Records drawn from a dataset
┏━━
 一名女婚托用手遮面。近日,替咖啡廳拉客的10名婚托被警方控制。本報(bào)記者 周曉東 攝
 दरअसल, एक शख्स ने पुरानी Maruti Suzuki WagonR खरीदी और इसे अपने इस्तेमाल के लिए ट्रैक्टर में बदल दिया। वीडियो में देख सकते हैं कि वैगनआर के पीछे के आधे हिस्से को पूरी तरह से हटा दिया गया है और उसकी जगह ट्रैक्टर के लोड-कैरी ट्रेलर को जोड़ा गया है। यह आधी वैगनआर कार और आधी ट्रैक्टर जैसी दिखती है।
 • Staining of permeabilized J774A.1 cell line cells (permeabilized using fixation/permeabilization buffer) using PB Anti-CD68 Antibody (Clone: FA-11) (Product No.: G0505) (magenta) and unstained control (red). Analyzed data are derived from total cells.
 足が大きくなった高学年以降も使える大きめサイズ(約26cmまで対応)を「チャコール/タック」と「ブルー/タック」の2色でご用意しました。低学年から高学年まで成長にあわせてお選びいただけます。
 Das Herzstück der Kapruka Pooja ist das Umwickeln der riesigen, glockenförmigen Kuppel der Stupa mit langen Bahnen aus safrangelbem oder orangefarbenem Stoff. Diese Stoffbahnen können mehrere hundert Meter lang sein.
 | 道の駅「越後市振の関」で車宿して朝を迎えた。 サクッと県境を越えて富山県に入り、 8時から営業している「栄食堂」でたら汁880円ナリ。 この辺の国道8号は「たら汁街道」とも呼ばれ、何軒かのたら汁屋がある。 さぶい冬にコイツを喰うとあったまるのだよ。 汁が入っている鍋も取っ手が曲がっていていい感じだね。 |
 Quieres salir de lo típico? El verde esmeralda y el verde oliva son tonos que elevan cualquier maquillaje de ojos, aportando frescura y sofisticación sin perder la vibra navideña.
┗━━
Task to complete – Your answer should hold the line with "さぶい冬にコイツを喰うとあったまるのだよ。 汁が入っている鍋も取っ手が曲がっていていい感じだね。 |" and each line after it to the end of the data, retyped exactly. Include no other lines.

Written response –
 | 道の駅「越後市振の関」で車宿して朝を迎えた。 サクッと県境を越えて富山県に入り、 8時から営業している「栄食堂」でたら汁880円ナリ。 この辺の国道8号は「たら汁街道」とも呼ばれ、何軒かのたら汁屋がある。 さぶい冬にコイツを喰うとあったまるのだよ。 汁が入っている鍋も取っ手が曲がっていていい感じだね。 |
 Quieres salir de lo típico? El verde esmeralda y el verde oliva son tonos que elevan cualquier maquillaje de ojos, aportando frescura y sofisticación sin perder la vibra navideña.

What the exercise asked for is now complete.